== Task directions ==
Up to and including the line that holds "今期初勝利を目指して朝野球の", print the data exactly from its first line; do not print the pictures.

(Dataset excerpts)
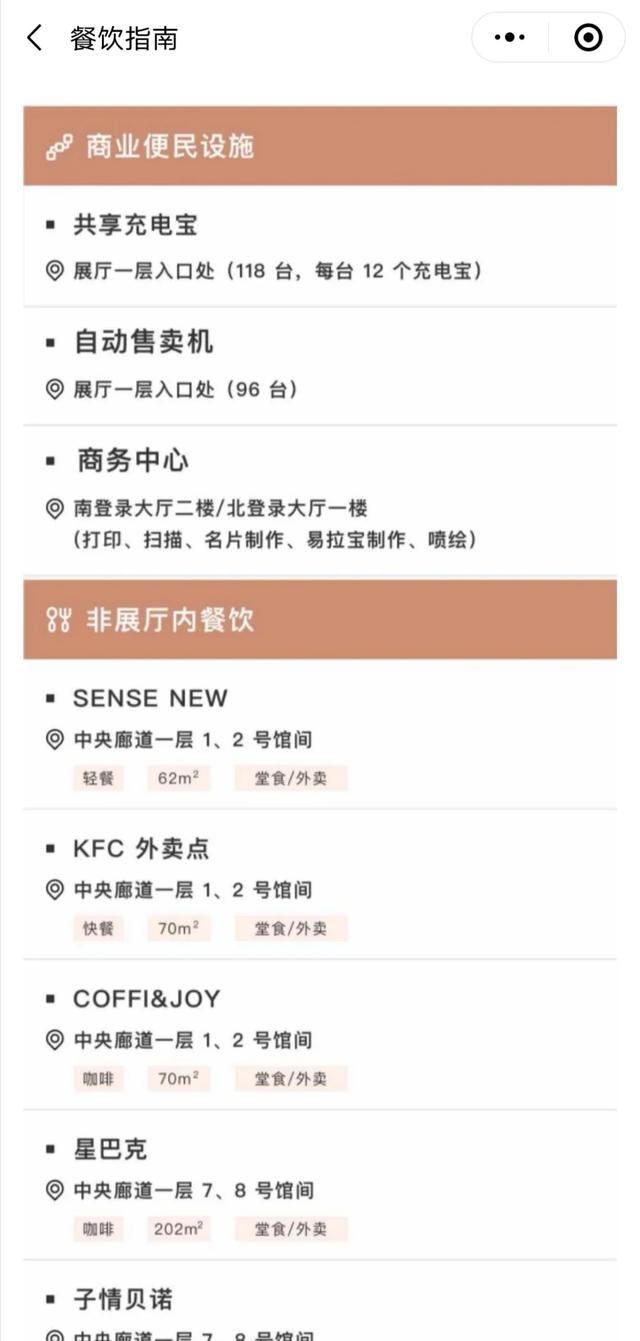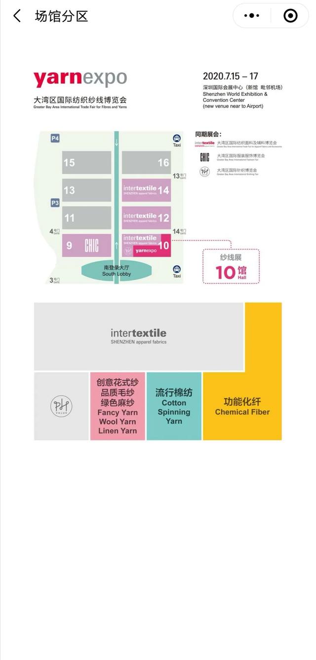 六、精致服务体验,省时省力省心 在纱线展云展小程序上,不仅能够通过“展厅”看到丰富详细的展商资料与展品信息,而且新增了“展馆信息”“场馆分区”、“交通指南”、“餐饮指南”板块。最详尽的参展攻略,为参展商节约大量参展时间,合理安排自己的观展计划。
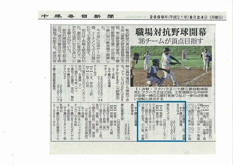 今期初勝利を目指して朝野球の大会に参戦していた曽我野球部ですが、8月24日の職場対抗野球1回戦にて悲願の今期初勝利を納めました。2回戦の結果は・・・聞かないでください。これからも曽我野球部頑張ります!!
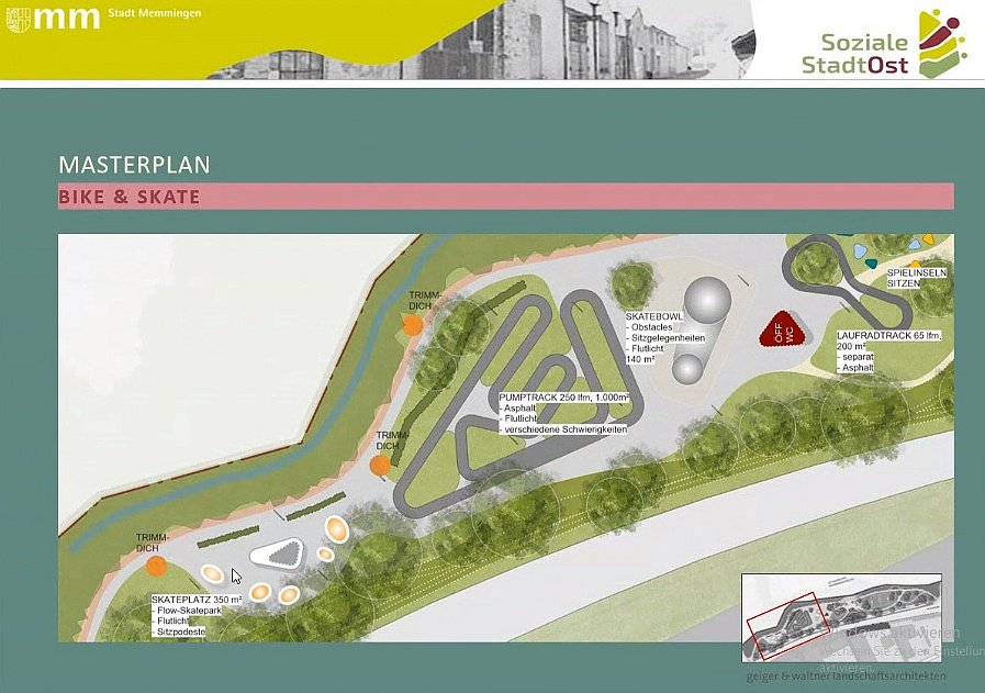 Memmingen (as). Nachdem die Mitglieder des Bauausschusses dem Konzept einhellig zugestimmt haben, wurde der Masterplan für das Gesamtkonzept „Bike- und Skatepark sowie Spiel-, Jogging- und Spazierrundweg Haienbach“ auf dem bislang als landwirtschaftliche Fläche genutzten Areal zwischen dem Tiroler Ring und dem Haienbach nun in einer digitalen Informationsveranstaltung präsentiert. Mit dem Freizeitpark als Treffpunkt für alle Generationen wird der Memminger Osten deutlich aufgewertet.
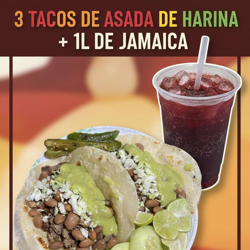 3 Tacos de Asada de Harina + 1L de Jamaica
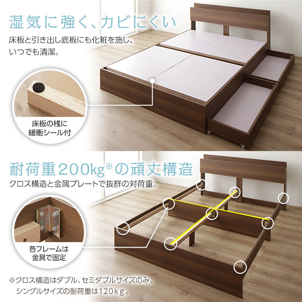 ※シングルサイズは床板4分割、セミダブル・ダブルサイズは床板8分割です。
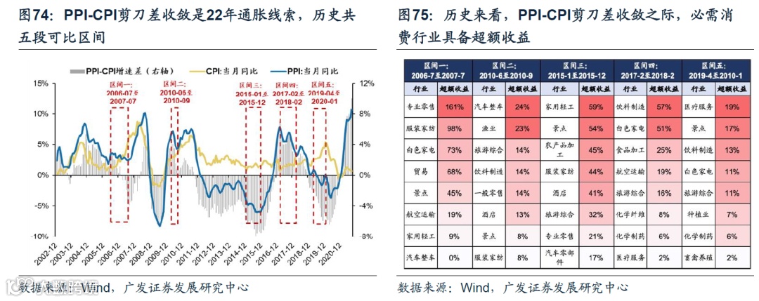 历史来看,PPI向CPI传导下的涨价预期使得部分实物/服务消费行业能够实现阶段受益。回顾历史五轮PPI下行、CPI上行、PPI-CPI剪刀差收敛阶段,农业、饮料制造、服装家纺、零售多会跑出超额收益。

== Result for this task ==
 六、精致服务体验,省时省力省心 在纱线展云展小程序上,不仅能够通过“展厅”看到丰富详细的展商资料与展品信息,而且新增了“展馆信息”“场馆分区”、“交通指南”、“餐饮指南”板块。最详尽的参展攻略,为参展商节约大量参展时间,合理安排自己的观展计划。
 今期初勝利を目指して朝野球の大会に参戦していた曽我野球部ですが、8月24日の職場対抗野球1回戦にて悲願の今期初勝利を納めました。2回戦の結果は・・・聞かないでください。これからも曽我野球部頑張ります!!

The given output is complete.